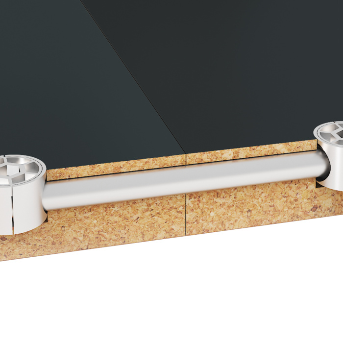 Стяжка ST11/02 для столешниц с межцентровым расстоянием 100 мм обеспечивает надёжное, плотное и незаметное соединение методом встык или наложением.
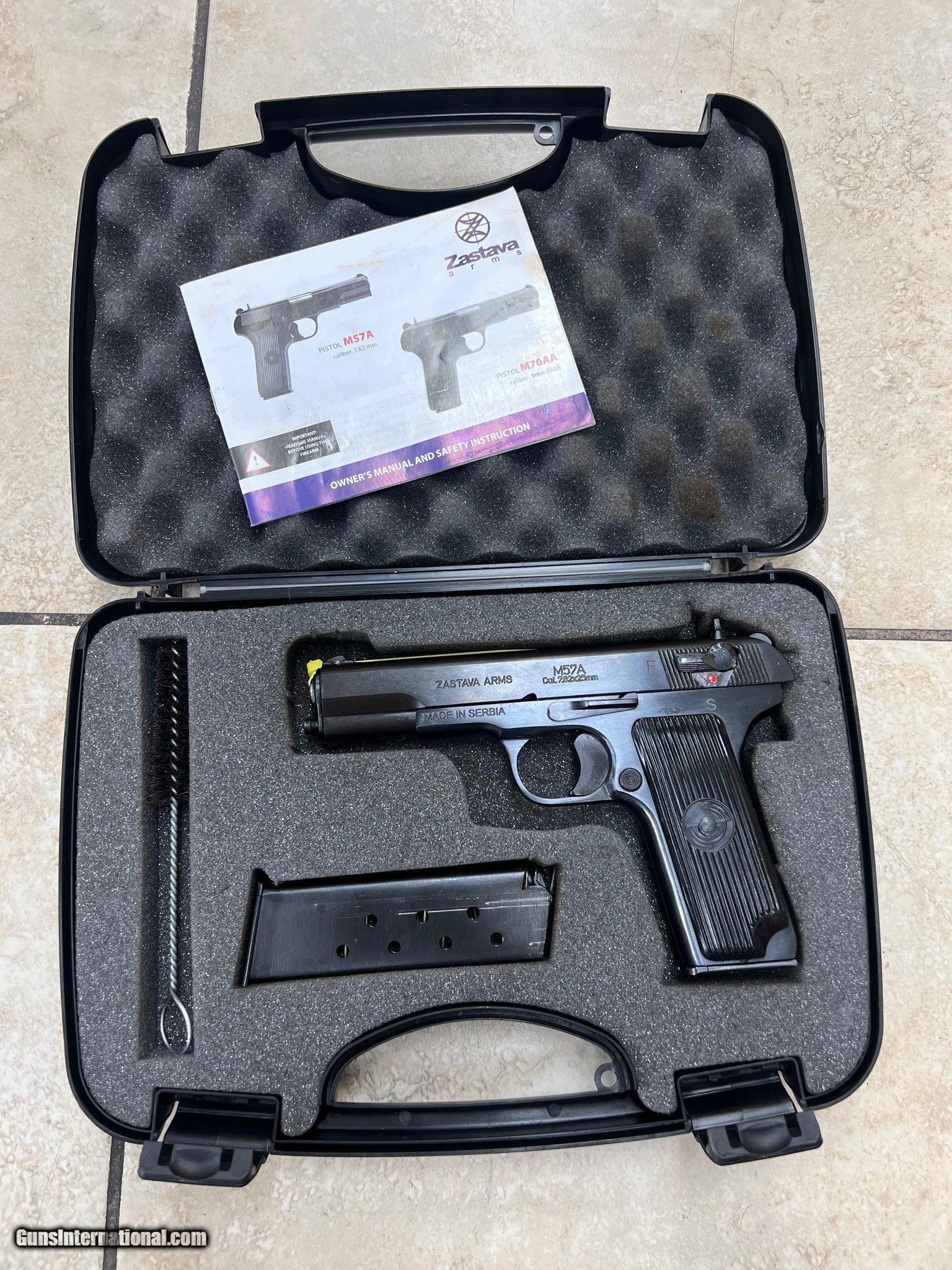 Description: Guns Listing ID: 487185 2 mags with original box SOLD Manufacturer: ZASTAVA ARMS Model: m57a Condition: Used - Non-Certified Barrels: 4.5 Gauge Info: 7.62x25mm Finish: blue steel |
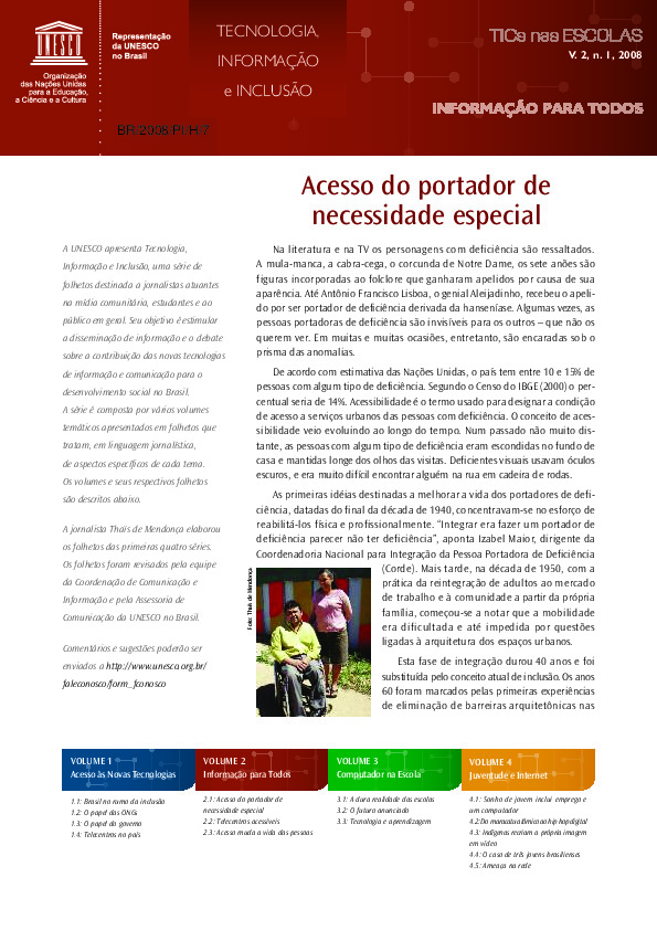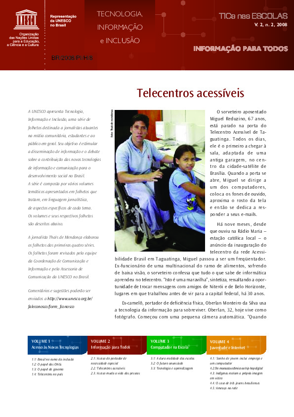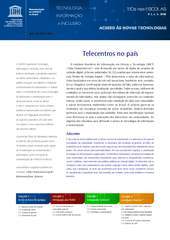 4 páginas. Ilustrado. Documento da série "Tecnologia, Informação e Inclusão". Foco em políticas públicas e programas federais. Inclui entrevistas com gestores (ex: Rogério Santanna, do Ministério do Planejamento) e descrições detalhadas de telecentros. Contém seção "Questões para discussão" e lista de sites governamentais. Código: BR/2008/PI/H/5.
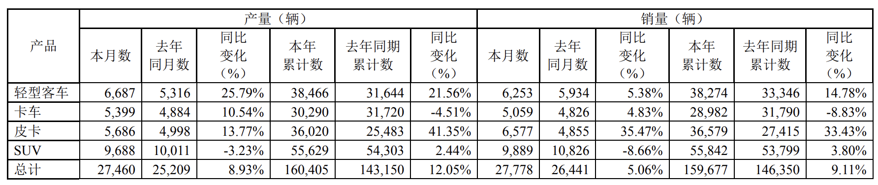 江铃汽车7月2日公告,2024年6月总销量为27778辆,同比增长5.06%。其中,轻型客车销量为6253辆,同比增长5.38%;卡车销量为5059辆,同比增长4.83%;皮卡销量为6577辆,同比增长35.47%;SUV销量为9889辆,同比下降8.66%。累计销量方面,2024年上半年总销量为159677辆,同比增长9.11%。
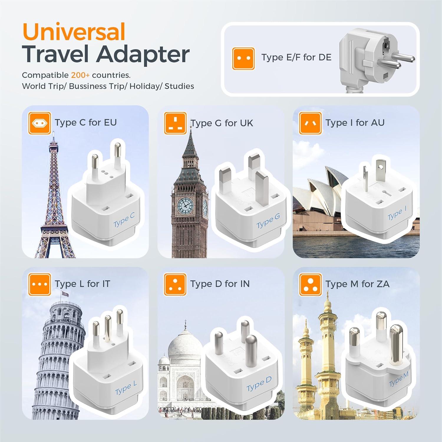 Travel Voltage Converter: The 220V to 110V converter adapter equipped with a DE plug and 6 international adapters (Type C, G, I, L, D, M ), this power converter can works in Europe, UK, Italy, Australia, India, South Africa, Germany, China, Dubai, Greece, New Zealand, etc

▬▬▬

Problem details >> Each record is to be written out exactly. No picture goes in.

Solution >>
 Стяжка ST11/02 для столешниц с межцентровым расстоянием 100 мм обеспечивает надёжное, плотное и незаметное соединение методом встык или наложением.
 Description: Guns Listing ID: 487185 2 mags with original box SOLD Manufacturer: ZASTAVA ARMS Model: m57a Condition: Used - Non-Certified Barrels: 4.5 Gauge Info: 7.62x25mm Finish: blue steel |
 4 páginas. Ilustrado. Documento da série "Tecnologia, Informação e Inclusão". Foco em políticas públicas e programas federais. Inclui entrevistas com gestores (ex: Rogério Santanna, do Ministério do Planejamento) e descrições detalhadas de telecentros. Contém seção "Questões para discussão" e lista de sites governamentais. Código: BR/2008/PI/H/5.
 江铃汽车7月2日公告,2024年6月总销量为27778辆,同比增长5.06%。其中,轻型客车销量为6253辆,同比增长5.38%;卡车销量为5059辆,同比增长4.83%;皮卡销量为6577辆,同比增长35.47%;SUV销量为9889辆,同比下降8.66%。累计销量方面,2024年上半年总销量为159677辆,同比增长9.11%。
 Travel Voltage Converter: The 220V to 110V converter adapter equipped with a DE plug and 6 international adapters (Type C, G, I, L, D, M ), this power converter can works in Europe, UK, Italy, Australia, India, South Africa, Germany, China, Dubai, Greece, New Zealand, etc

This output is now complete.